**Problem**.
In the records below, find the line with "東日本大震災からの復興と、犠", then retype it and every following line exactly, stopping after the line with "7月19日,一艘轮船在拖轮协助下驶入唐山港京唐港区港池(无人机照片)。". Leave the pictures out.

Collection entries:
────────────────
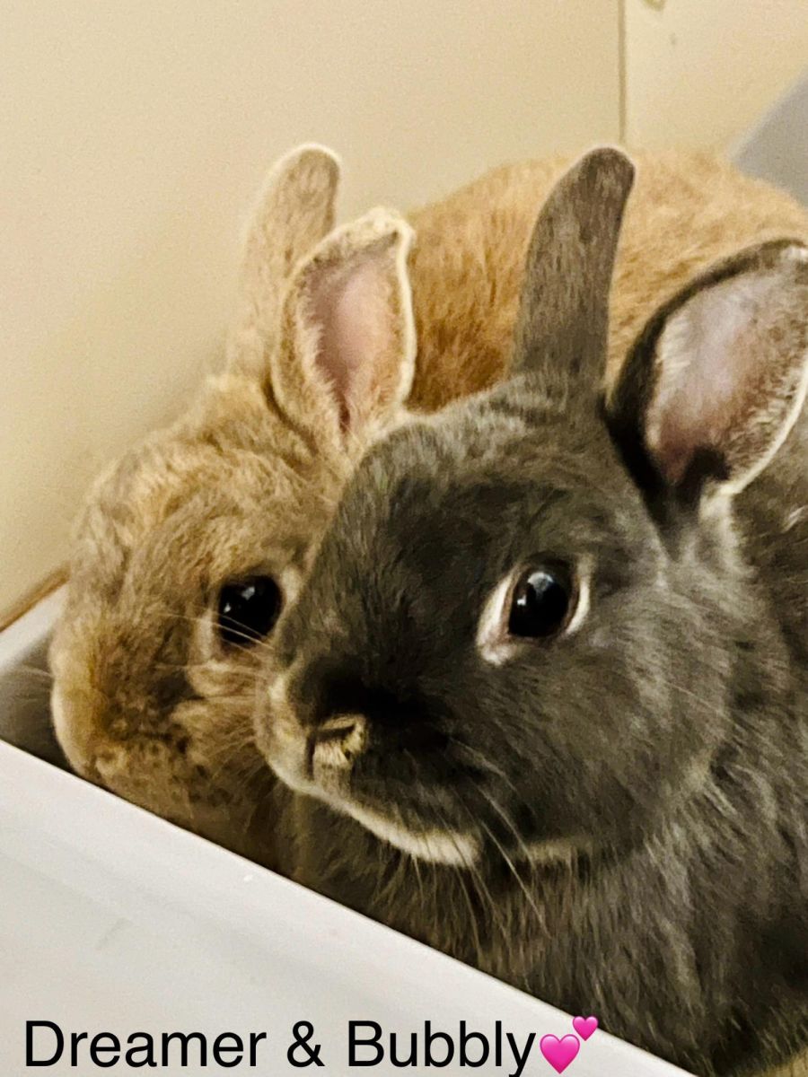 A Netherlands Dwarf bunny pair of a male and female. They are tiny, adorable, litter tray trained, desexed vaccinated and microchipped. They are totally handleable and love being cuddled. They are very healthy and love munching on The Rabbit Sanctuary’s own 6 Hay Mix. They have beautiful coloured fur with dream of the boy being a golden palomino colour and Bubbly a charcoal grey otter colour.
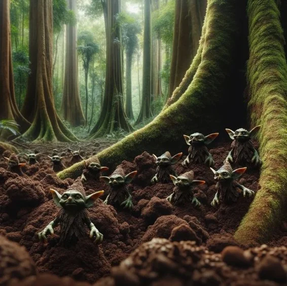 The Gribblies emerge from dining on some poor unsuspecting traveller, to discover they have been evicted... (they don't really resemble what I describe in the story, but this is the best picture I could come up with)
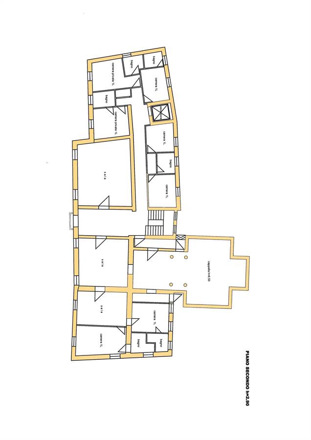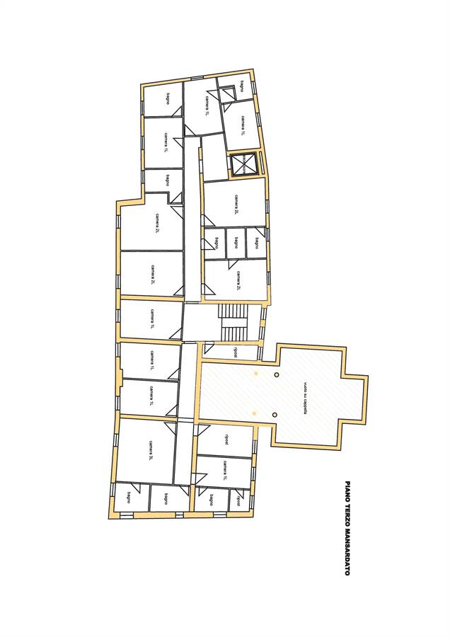 L’imponente struttura di notevole pregio architettonico, inserito in un contesto paesaggistico spettacolare, è attorniato da un importante parco con accesso pedonale monumentale ed accesso carraio separato.
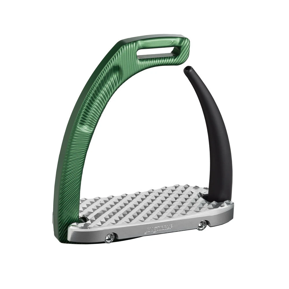 The JIN AIR Stirrup is the most innovative safety stirrup on the market. This technical stirrup features an Anatomic Stirrup (ergonomic) footbed. The safety release is a patented and smart mechanism that is firm enough to hold the foot in place during riding, but allows for a full escape when necessary.
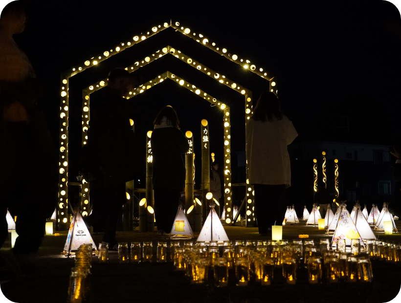 東日本大震災からの復興と、犠牲者への鎮魂の祈りを込めて始まった竹あかりのイベント。町の子どもたちやボランティアが制作した無数の竹灯籠や三角灯籠に柔らかな光が灯され、会場は幻想的な雰囲気に包まれ、未来への希望を照らします。
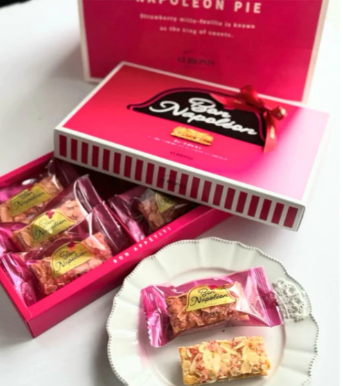 主打推薦首選:六本木芝士千層派與拿破崙夾心餅乾,為最受歡迎的伴手禮商品,外包裝優雅、口感細緻。
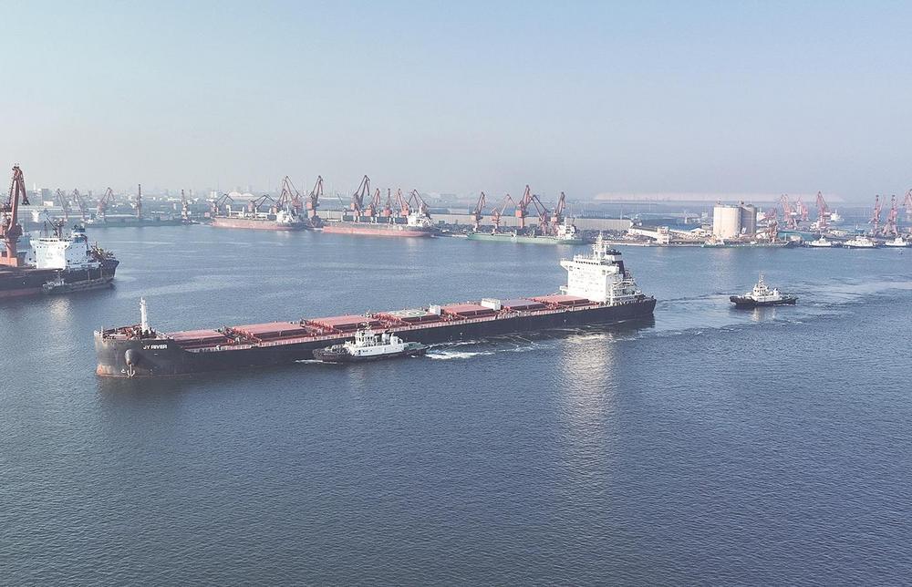 7月19日,一艘轮船在拖轮协助下驶入唐山港京唐港区港池(无人机照片)。
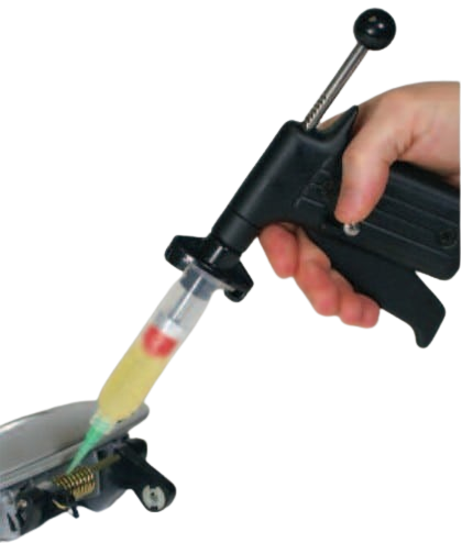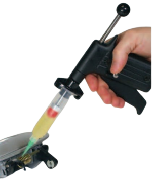 למינון מדויק ועבודה ארגונומית נוחה נדרש להשתמש באקדחי מינון בעת הזרקת חומרי הדבקה ואיטום. אקדח ידני פשוט משמש למינון חומרים חד רכיביים המסופקים בתרמילים בנפח 300 מ”ל. לחיצה על הדק האקדח דוחפת בוכנה באופן ידני והחומר מוזרק מפתחו הקדמי של התרמיל. המזרק מותקן באקדח, לחיצה על הדק האקדח דוחפת שתי בוכנות במקביל, שני רכיבי החומר מוזרקים מהפתח הקדמי ומתערבלים זה בזה בתוך מערבל סטטי.
────────────────
**Exercise result**.
 東日本大震災からの復興と、犠牲者への鎮魂の祈りを込めて始まった竹あかりのイベント。町の子どもたちやボランティアが制作した無数の竹灯籠や三角灯籠に柔らかな光が灯され、会場は幻想的な雰囲気に包まれ、未来への希望を照らします。
 主打推薦首選:六本木芝士千層派與拿破崙夾心餅乾,為最受歡迎的伴手禮商品,外包裝優雅、口感細緻。
 7月19日,一艘轮船在拖轮协助下驶入唐山港京唐港区港池(无人机照片)。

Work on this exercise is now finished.